I don't see why you cannot use a base variable with allocatable and target attributes to hold the data. You can have all the pointers you want to point at it and there is never a danger of memory leaking whatever you do with the pointers.

Hi Andrew, sorry I did make a few mistakes in the psuedocode and fixed it so its not so ambiguous. See the post above.
 

The way to view it is that the pointer variables A and C hold the data and B is a variable used within the subroutines. I think this was introduced into the code as a method of expanding the utility of the original code (A and C are in the code are actually an index of a global data type that represent different features). The psuedocode that I fixed above is the general structure of the code if it was indexed to have two terms (e.g. A and C)

Thanks

Has anyone had a chance to look at that revised code?

The revised code looks ok, but there are pointless statements in it - lines 03 and 07, where you change the pointer association status of B to be undefined, and then immediately re-associate it with an object that you allocate.

In the absence of some other reason that is yet to be stated, I absolutely wouldn't deliberately design things this way.  Andrew's suggestion is reasonable.  There's also the option of simply making B a procedure argument (if it isn't already) in the bits titled "do things with B" - when you want to work on A, pass in A, when you want to work on C, pass in C.  Is there a real reason to have B floating around in the same scope as A and C?

The program is unfortunately enormous and was later modified to be able to run with multiple copies of itself within it by the above pointer scheme.

At the beginning of each subroutine there was an added call to a "point" subroutine that establishes all the pointers (B pointing to the active data set, say A) then at the end of each subroutine it saves the pointers by calling a "save" subroutine that re-points A to B. Then the next time the subroutine was called the beginning would have B point to C and then at the end save it by having C point to B. 

This was done (long before my time) because there were literally 1000's of variables that change across a few hundred subroutines and made it so only two lines had to be added for each subroutine.
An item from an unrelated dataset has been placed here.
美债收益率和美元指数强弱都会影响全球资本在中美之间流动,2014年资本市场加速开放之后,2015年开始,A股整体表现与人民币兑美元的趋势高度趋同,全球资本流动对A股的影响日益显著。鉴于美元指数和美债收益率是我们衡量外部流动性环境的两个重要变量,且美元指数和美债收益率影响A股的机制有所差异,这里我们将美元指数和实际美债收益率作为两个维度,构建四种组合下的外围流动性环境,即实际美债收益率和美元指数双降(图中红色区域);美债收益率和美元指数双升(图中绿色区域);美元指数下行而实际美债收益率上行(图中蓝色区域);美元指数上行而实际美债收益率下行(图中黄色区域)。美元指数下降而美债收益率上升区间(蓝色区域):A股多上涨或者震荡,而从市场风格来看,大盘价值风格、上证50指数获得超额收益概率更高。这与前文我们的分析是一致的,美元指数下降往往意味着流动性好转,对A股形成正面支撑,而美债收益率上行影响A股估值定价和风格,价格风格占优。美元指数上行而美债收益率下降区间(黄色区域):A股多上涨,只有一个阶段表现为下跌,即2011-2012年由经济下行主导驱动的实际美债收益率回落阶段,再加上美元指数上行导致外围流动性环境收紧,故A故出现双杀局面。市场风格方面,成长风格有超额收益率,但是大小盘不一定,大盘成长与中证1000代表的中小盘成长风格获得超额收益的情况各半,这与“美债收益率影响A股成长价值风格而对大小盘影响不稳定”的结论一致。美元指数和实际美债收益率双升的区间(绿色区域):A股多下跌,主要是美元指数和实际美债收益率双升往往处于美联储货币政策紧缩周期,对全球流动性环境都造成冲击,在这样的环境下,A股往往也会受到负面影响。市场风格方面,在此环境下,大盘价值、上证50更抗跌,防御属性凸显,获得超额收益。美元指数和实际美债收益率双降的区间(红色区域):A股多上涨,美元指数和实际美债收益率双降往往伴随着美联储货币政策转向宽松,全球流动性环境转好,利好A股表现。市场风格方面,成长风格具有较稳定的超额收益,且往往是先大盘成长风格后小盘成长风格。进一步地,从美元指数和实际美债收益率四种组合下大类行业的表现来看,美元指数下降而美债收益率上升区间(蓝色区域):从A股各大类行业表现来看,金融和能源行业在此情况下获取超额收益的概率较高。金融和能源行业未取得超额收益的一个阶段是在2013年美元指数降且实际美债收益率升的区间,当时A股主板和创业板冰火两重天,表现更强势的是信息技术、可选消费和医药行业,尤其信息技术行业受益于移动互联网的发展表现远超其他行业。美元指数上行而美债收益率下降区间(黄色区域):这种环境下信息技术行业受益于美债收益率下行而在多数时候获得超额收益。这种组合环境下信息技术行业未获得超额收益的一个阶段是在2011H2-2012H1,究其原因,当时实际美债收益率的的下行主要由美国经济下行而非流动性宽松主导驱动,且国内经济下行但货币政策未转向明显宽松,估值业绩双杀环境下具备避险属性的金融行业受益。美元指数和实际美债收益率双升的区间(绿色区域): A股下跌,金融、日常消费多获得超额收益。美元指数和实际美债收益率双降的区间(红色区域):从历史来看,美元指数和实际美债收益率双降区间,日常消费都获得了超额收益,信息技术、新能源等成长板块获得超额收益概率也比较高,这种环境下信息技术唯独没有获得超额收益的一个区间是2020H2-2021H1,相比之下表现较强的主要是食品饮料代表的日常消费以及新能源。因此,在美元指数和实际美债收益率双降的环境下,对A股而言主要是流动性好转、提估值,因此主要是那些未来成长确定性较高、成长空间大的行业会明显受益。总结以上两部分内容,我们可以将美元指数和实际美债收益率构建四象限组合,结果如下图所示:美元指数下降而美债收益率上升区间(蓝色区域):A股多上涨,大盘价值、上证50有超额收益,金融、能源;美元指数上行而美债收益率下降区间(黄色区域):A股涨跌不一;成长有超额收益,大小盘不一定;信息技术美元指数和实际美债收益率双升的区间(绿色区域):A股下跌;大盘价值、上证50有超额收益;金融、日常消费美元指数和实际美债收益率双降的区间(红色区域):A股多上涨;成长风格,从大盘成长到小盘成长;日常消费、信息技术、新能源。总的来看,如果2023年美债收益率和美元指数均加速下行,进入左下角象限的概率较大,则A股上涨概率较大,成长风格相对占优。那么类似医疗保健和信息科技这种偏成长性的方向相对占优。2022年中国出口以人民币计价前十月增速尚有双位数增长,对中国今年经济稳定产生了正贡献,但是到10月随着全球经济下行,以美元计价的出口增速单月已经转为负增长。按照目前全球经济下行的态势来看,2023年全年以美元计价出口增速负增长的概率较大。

Ultimately if there ever is funding I love to rewrite it to not follow this structure.

Thanks for all your advice.

Scott B. wrote:

The program is unfortunately enormous and was later modified to be able to run with multiple copies of itself within it by the above pointer scheme.

At the beginning of each subroutine there was an added call to a "point" subroutine that establishes all the pointers (B pointing to the active data set, say A) then at the end of each subroutine it saves the pointers by calling a "save" subroutine that re-points A to B. Then the next time the subroutine was called the beginning would have B point to C and then at the end save it by having C point to B.
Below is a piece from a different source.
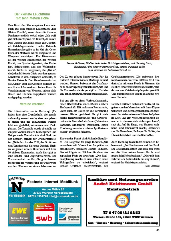 Vorsitzender des Wremer Heimatkreises, sorgen engagiert dafür,

This was done (long before my time) because there were literally 1000's of variables that change across a few hundred subroutines and made it so only two lines had to be added for each subroutine. Ultimately if there ever is funding I love to rewrite it to not follow this structure.

Scott B.,

To be frank, I've no comprehension whatsover of what you are trying to convey by your pseudo-code or by your explanations.  Statements such as "The program.. was later modified to be able to run with multiple copies of itself within it by the above pointer scheme" and ".. then at the end of each subroutine it saves the pointers by calling a "save" subroutine that re-points A to B.. " are completely beyond my abilities to understand what could be going on.
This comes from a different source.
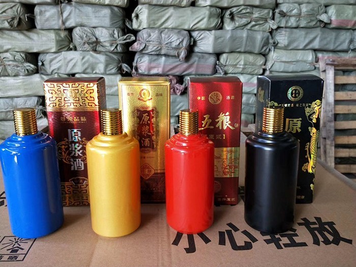 蒙砂酒瓶是在制品玻璃上,粘附一定大小面積的玻璃色釉粉,玻璃瓶廠經過580~600℃的高溫烘烤,使玻璃色釉涂層凝結在玻璃外表,并顯現出具有與玻璃主體不同顏色的一種裝飾辦法。粘附玻璃色釉粉,可用排筆涂刷,亦可用膠輥滾涂。經過絲印加工,能夠得到蒙砂面的樓空圖案。 其辦法是:在玻璃制品外表上,絲印一層由阻熔劑構成的圖案紋樣。

"I love to rewrite it to not follow this structure" - perhaps it will help you if you can start off by writing a simple, working program that operates on a small set of data in about the same fashion as your existing code and you test and validate it thoroughly - this is as opposed to postulating some pseudo-code that is not constrained by any logic/algorithmic requirements and which is difficult to understand.  This approach may even help you understand better how your current code works while giving you ideas on how to restructure it when you get the funding to do so.